*Mónica Herranz
Estaban en un restaurante y han vuelto a discutir, el motivo, el mismo de siempre y el cansancio cada vez mayor. Ella reclamaba mientras él negaba, una vez más, la responsabilidad que le tocaba, y no sólo la negaba, sino que trataba de voltear la moneda para culparla a ella, a ella que lo adoraba, sí, a ella que aunque quería, no podía despertar de esa pesadilla dorada.
Podía notar claramente como él en sus argumentos la humillaba, la menospreciaba y la devaluaba y quizá en otros tiempos ella no hubiera dicho nada, pero estaba ya saliendo de ese letargo que la paralizaba.
Aun no estaba lista para responder como lo ameritaba y en su lugar sólo callaba, callaba mientras lo escuchaba y lo miraba. De todas maneras, aunque hubiera querido, no podía pronunciar palabra; un nudo grande y grueso había hecho nido hace tiempo en su garganta.
Sus ojos se tornaron cristalinos, comenzaban a correr las lágrimas, grandes, tristes y desoladas. Hubiese querido decir tanto…hacer tanto…pero estaba paralizada. Notaba cómo dentro de sí la tristeza se tornaba en furia casi descontrolada, pero se contenía, estaban en un lugar público y podía notar cómo la gente la observaba.

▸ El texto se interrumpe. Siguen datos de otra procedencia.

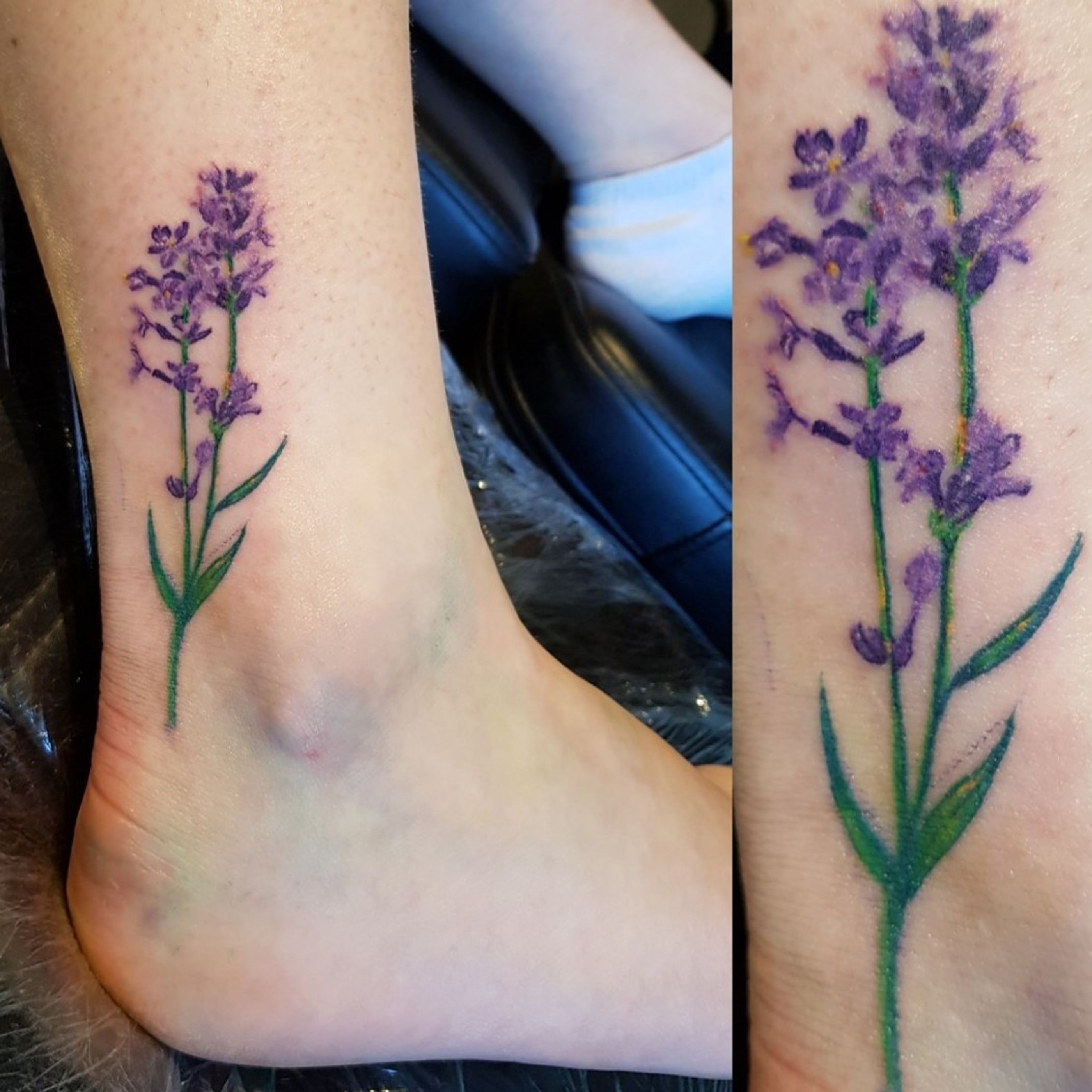 Lavender Sprig Ankle Tattoo Really enjoyed this one! #Lavender #LavenderTattoo #Flowers #Small #SmallTattoo #Girly #GirlyTattoo #Feminine #FeminineTattoo #Ankle #AnkleTattoo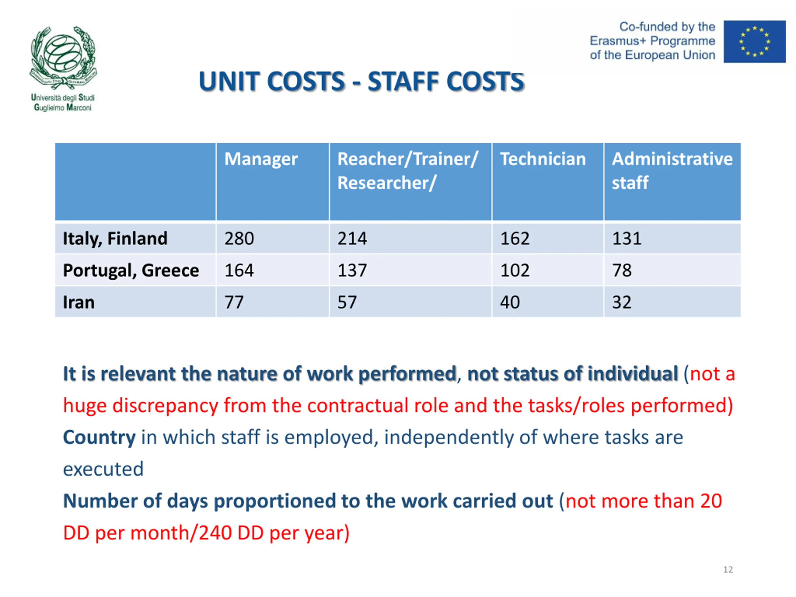 UNIT COSTS - STAFF COSTS Contribution to Institutions for Staff* performing tasks necessary to achieve the objectives of the project Unit cost = amount in Euro per working day per staff (not linked to the actual level of remuneration in the salary slip) Calculation 3 variables: staff category, country, number of days Categories: Managers, Researchers/Teachers/Trainers, Technical, Administrative *Formal contractual relationship with a beneficiary organisation 11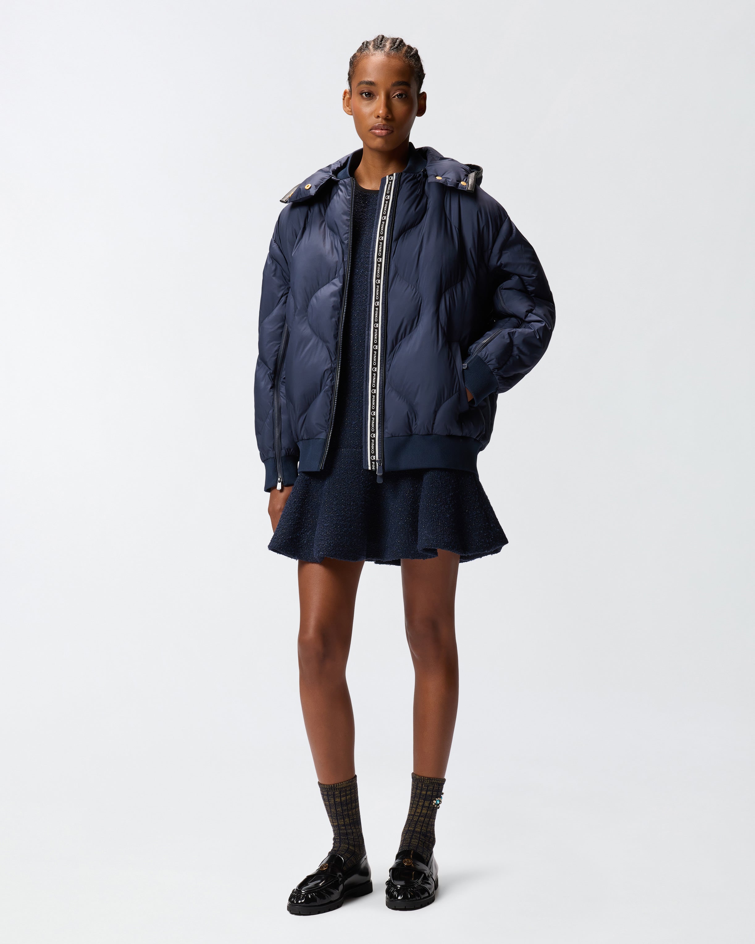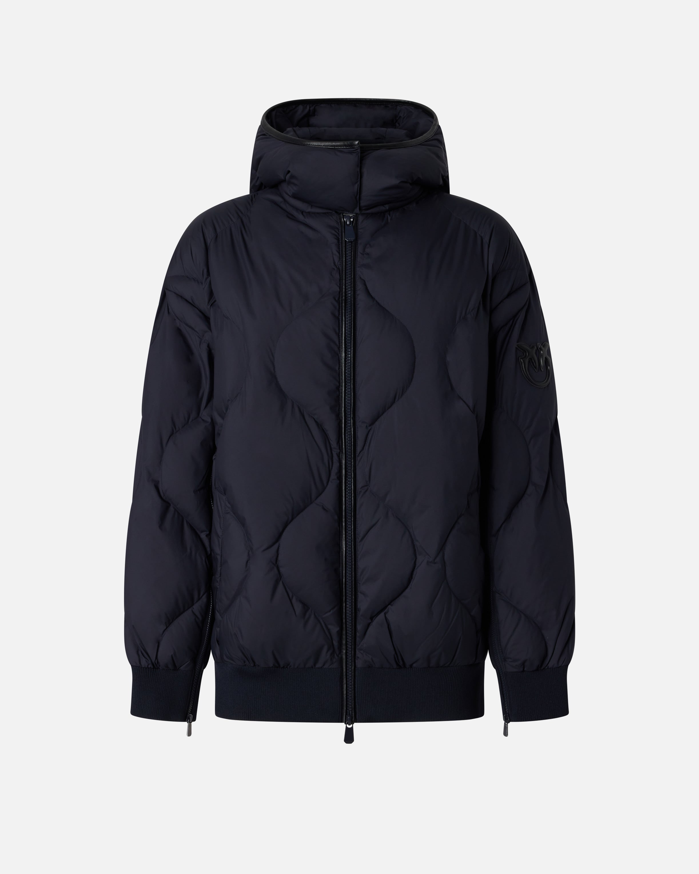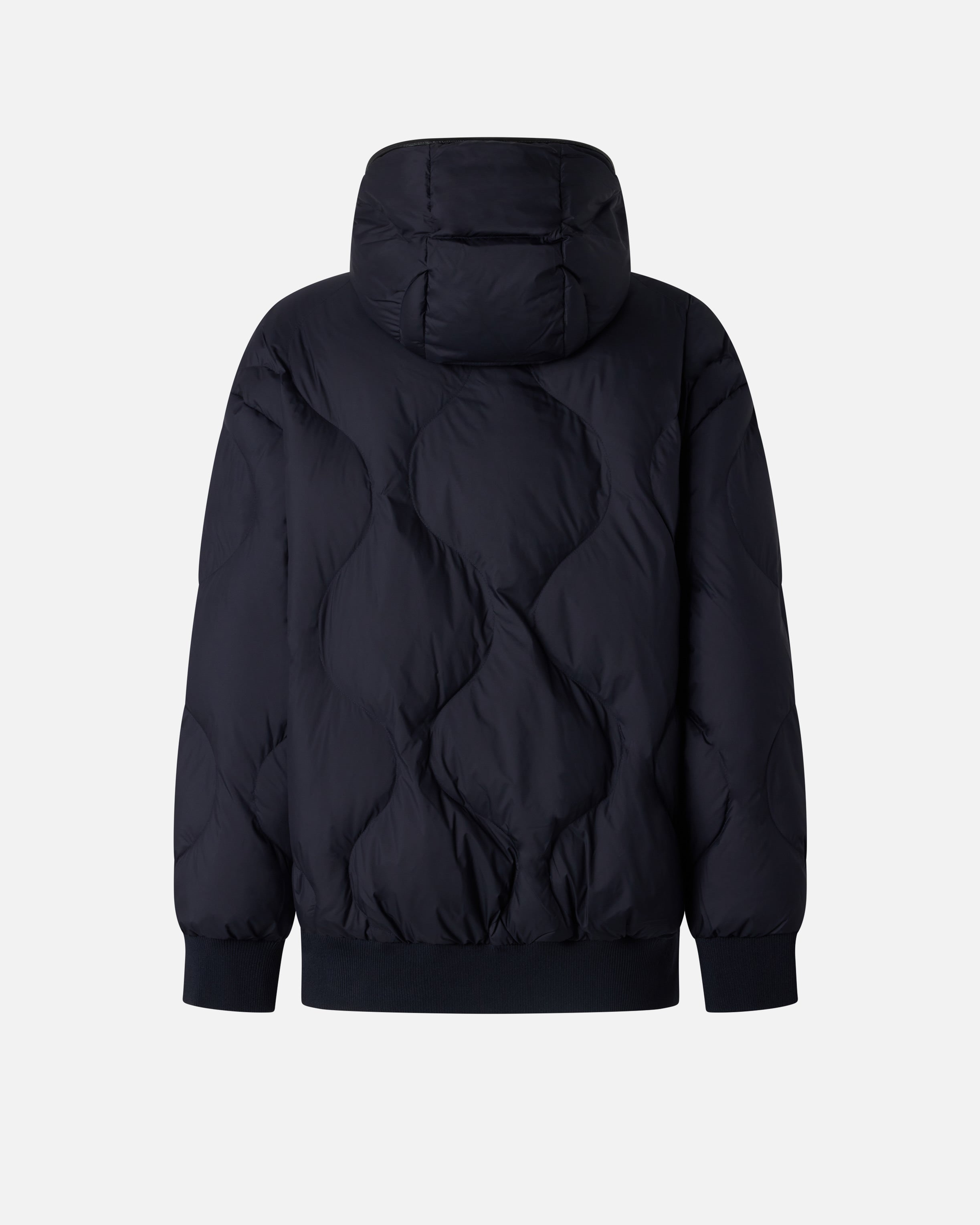 Padded bomber jacket with onion quilting made from comfortable and durable technical canvas and finished with a rib-knit collar, cuffs and hem. The design features a detachable zip-off hood and long sleeves that can be opened by zip to turn the garment into a cape. It is completed by coated-effect finishes on the edge of the hood and along the front fastening with two-way zip. The perfect piece to face the first cold spells with a touch of style that has not sacrificed comfort.

No quería llamar la atención, suficientemente mal se encontraba. Él seguía con su discurso, la miraba burlón y con sonrisa mala. -¡Huye!, sal corriendo, deja de escucharlo, déjalo!- era una voz interna que le gritaba. Sentía el impulso, sentía las ganas, pero por más que quisiera estaba como congelada, no era capaz más que de sentir esas tremendas lágrimas mientras bajaba su mirada.
Ella que había sido tan capaz de tanto, ¿cómo era posible que continuara sentada?. Cuanta interna -uno, dos…a la de tres me paro-. – Cuatro, cinco, seis y diez y veinte y trinta y tantos…y seguía sentada-.
Y dejó de escucharlo, la voz de él se había convertido en un murmullo, podía percibir cómo movía la boca y manoteaba, pero a esas alturas ella ya no entendía nada. Ya no lo escuchaba a él, ni al bullicio de fondo de la concurrencia dónde esaban. Se puso en pie y confundida caminó hacia la salida. Como autómata, buscó las llaves de su coche, ya no pensaba. Mecánicamente un pie delante de otro, mirada inundada, confundida, se sentía tan perdida, aunque a la vez sabía perfectamente bien en dónde estaba.
Dirección al auto, y en el camino, una frustración que la reventaba, ¡el coche de él la tenía encerrada!. Justo estacionado detrás de ella, pareciera que de una u otra manera, la tenía acorralada. Quiería y lo intentaba, deseaba irse, marcharse esta vez sin volver la mirada, pero aunque había logrado movilizarse sintió que había sido para nada.
Llegó a su coche, abrió la puerta, sintió el golpe de calor en la cara, se subió en él, ventanas cerradas, manos al volante, no podía ir a ningún lado mientras él siguiera detrás, encerrándola. Recuerda haber tenido la vista fija al frente, perdida, desconsolada, recuerda las manos al volante tan pero tan apretadas, recuerda la soledad del momento, la frustración, la ira ahora ya desbordada y recuerda el grito que salió de su alma, en ese momento ya no le importaba quien la mirara, no pudo contenerse más, gritó alto, profundo y fuerte, agitando la cabeza, pataleando y manoteando sin importar el daño que con ello se causaba.
Piernas que pegaban sin ton ni son contra los pedales, mientras sus puños, cerrados, se estrellaban una y otra vez contra el volante y uno de sus codos con la ventana, muñecas lastimadas, pero estaba obnubilada, era como si otra persona fuera ella y ella no estuviera sintiendo nada.
Colapso, colapso y desahogo era por lo que atravesaba. Gritó y golpeó por casi cincuenta segundos hasta que parecia haber salido lo más urgente del dolor que la aquejaba, comenzaba muy poco a poco a volver en sí y recobrar la calma.
Por el retrovisor lo vio venir, paso tranquilo y sonra en la mirada, se subió al coche y con absoluta indiferencia se puso en marcha. Ella por su parte, estaba a punto de realizar su peor jugada. Condujo a casa de aquel otro, el que decía que él sí la quería y la cuidaba. No podía estar más confundida, a él ya lo conocía y sabía que cuando quería la violentaba, aun así necesitaba imperiosamente estar entre sus brazos, necesitaba creer que estaría segura ahí, en su pecho o recostada en su espalda. Sabía que hoy sería así por el reencuentro…¡quién sabe mañana!.